*Exercise objective:* Write out again the lines from the line with "a man standing" up to and including the line with "DIZBA Saffron Extract", exactly as they stand below, and skip any picture.

*Data under study:*
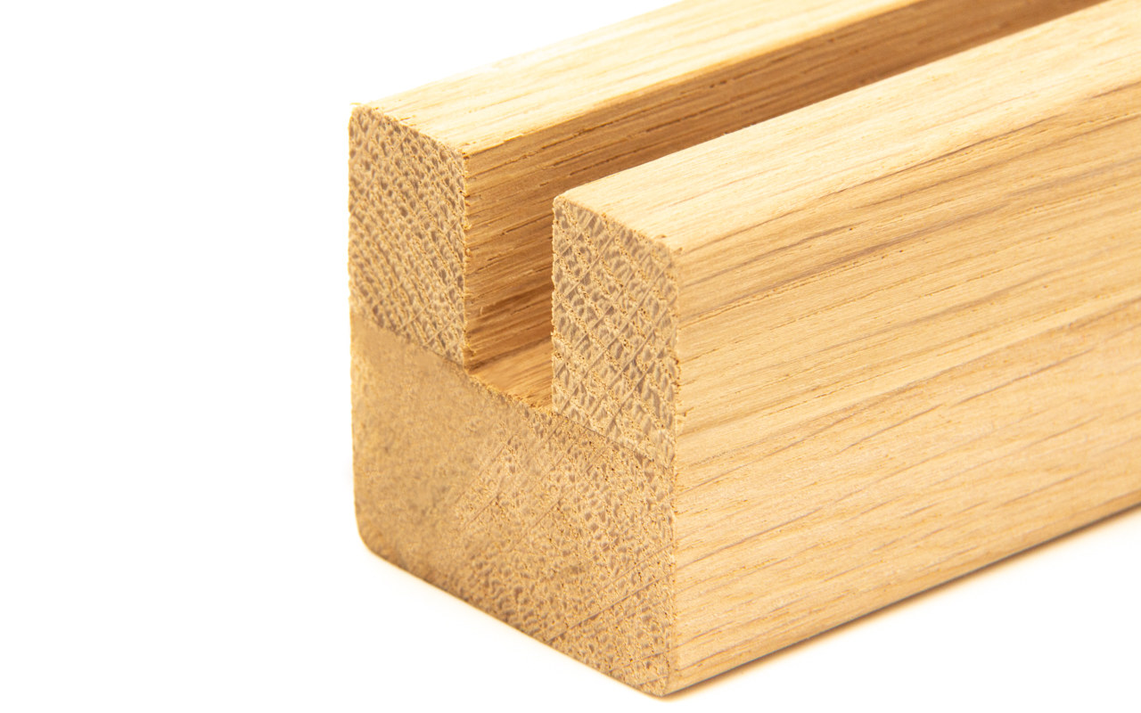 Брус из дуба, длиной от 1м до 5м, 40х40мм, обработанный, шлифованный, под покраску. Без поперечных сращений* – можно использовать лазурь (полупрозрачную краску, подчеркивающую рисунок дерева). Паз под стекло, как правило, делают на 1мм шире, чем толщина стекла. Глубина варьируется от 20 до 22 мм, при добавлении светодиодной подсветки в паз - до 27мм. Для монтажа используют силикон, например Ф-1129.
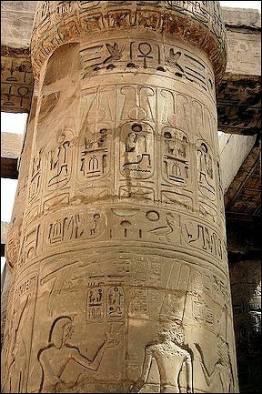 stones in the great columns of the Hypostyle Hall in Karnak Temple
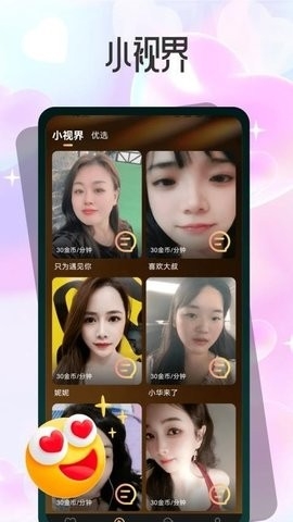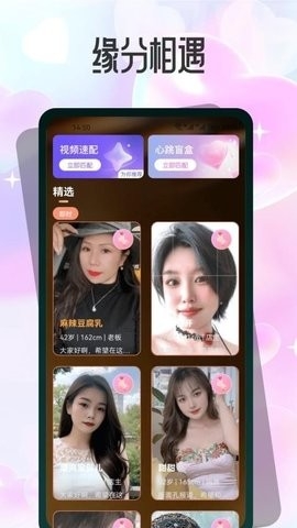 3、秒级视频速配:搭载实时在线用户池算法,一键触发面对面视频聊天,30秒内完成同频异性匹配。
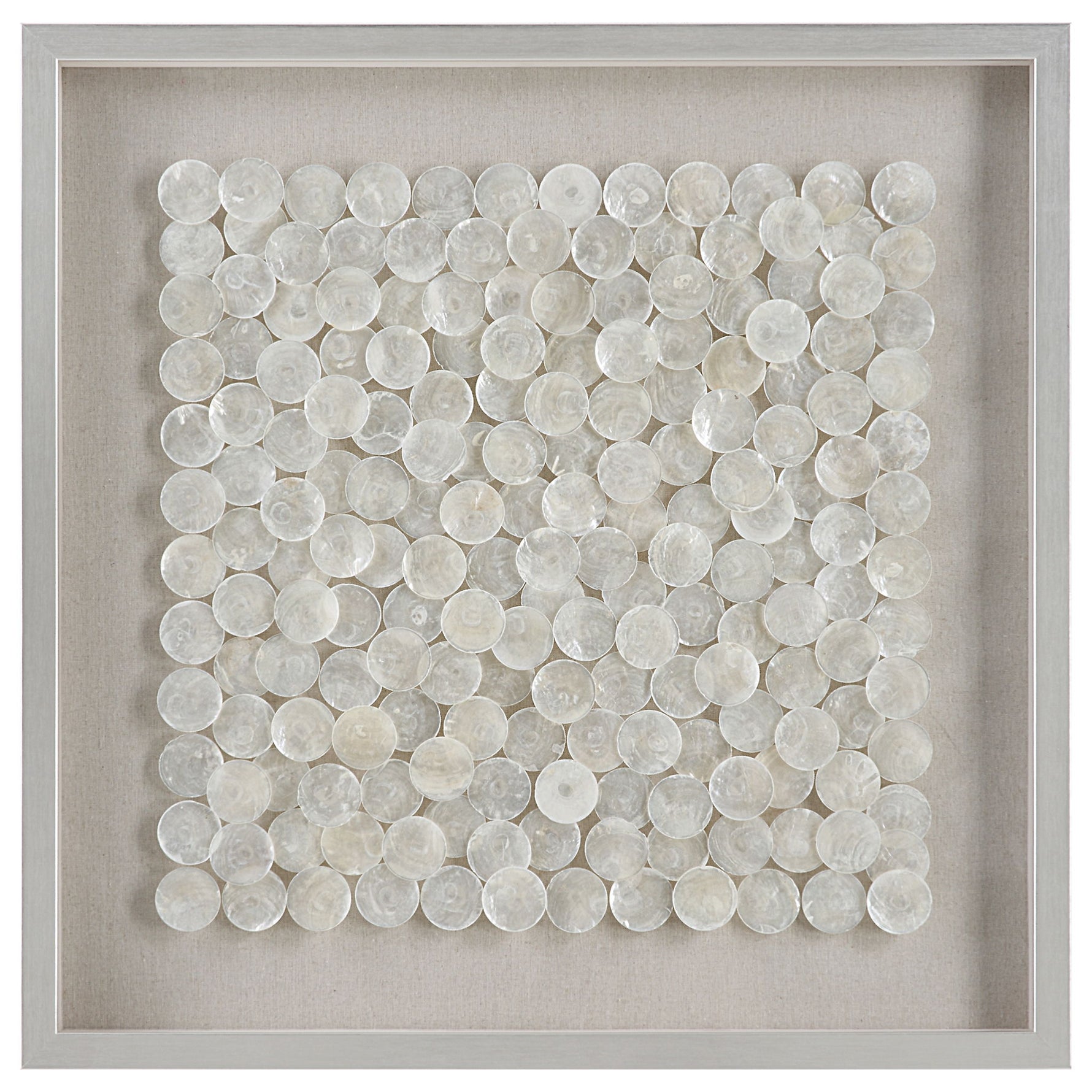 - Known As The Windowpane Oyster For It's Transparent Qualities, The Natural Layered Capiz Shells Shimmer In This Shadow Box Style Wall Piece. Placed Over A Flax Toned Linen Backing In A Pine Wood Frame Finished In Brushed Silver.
* * *
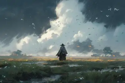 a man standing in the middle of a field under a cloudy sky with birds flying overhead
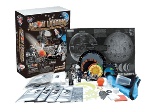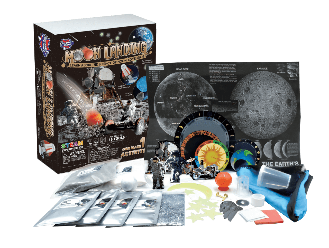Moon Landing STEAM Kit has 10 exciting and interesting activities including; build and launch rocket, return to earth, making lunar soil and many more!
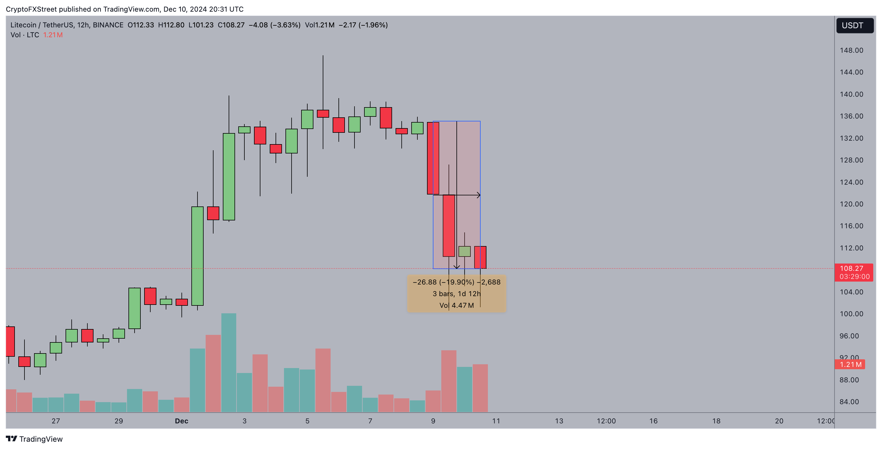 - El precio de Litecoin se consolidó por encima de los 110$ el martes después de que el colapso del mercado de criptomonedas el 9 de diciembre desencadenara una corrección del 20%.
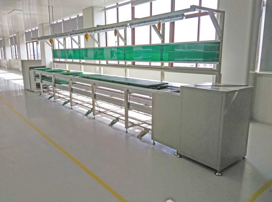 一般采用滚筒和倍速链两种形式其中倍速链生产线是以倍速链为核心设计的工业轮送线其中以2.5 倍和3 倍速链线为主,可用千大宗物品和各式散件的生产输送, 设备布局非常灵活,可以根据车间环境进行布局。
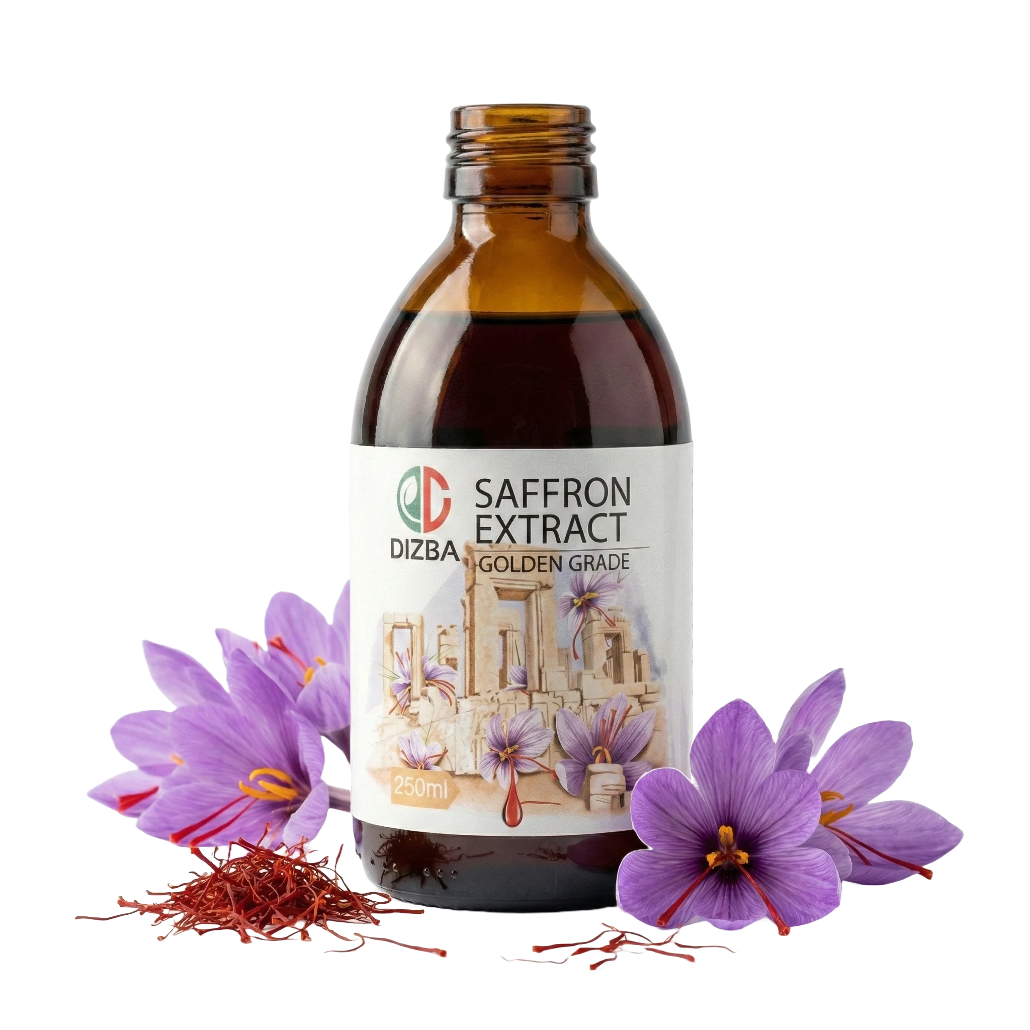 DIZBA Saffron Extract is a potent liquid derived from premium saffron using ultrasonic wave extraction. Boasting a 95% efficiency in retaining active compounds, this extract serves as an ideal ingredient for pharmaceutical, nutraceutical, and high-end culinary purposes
--
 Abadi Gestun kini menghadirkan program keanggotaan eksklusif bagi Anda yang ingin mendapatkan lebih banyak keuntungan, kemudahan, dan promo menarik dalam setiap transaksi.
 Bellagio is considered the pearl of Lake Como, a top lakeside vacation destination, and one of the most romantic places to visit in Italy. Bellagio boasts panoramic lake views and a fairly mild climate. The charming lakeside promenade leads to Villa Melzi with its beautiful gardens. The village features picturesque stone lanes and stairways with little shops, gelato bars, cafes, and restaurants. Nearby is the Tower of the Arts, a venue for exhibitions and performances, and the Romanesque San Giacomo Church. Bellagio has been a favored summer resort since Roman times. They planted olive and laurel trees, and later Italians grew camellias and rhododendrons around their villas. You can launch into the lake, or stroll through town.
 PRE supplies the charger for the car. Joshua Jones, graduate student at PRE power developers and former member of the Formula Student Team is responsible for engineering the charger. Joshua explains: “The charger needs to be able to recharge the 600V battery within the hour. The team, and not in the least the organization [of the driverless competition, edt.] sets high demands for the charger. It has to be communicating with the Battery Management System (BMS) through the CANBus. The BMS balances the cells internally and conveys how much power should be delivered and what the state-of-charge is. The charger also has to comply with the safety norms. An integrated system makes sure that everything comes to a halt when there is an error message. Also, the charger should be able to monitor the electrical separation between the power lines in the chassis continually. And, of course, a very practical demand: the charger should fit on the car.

*Task result:*
 a man standing in the middle of a field under a cloudy sky with birds flying overhead
Moon Landing STEAM Kit has 10 exciting and interesting activities including; build and launch rocket, return to earth, making lunar soil and many more!
 - El precio de Litecoin se consolidó por encima de los 110$ el martes después de que el colapso del mercado de criptomonedas el 9 de diciembre desencadenara una corrección del 20%.
 一般采用滚筒和倍速链两种形式其中倍速链生产线是以倍速链为核心设计的工业轮送线其中以2.5 倍和3 倍速链线为主,可用千大宗物品和各式散件的生产输送, 设备布局非常灵活,可以根据车间环境进行布局。
 DIZBA Saffron Extract is a potent liquid derived from premium saffron using ultrasonic wave extraction. Boasting a 95% efficiency in retaining active compounds, this extract serves as an ideal ingredient for pharmaceutical, nutraceutical, and high-end culinary purposes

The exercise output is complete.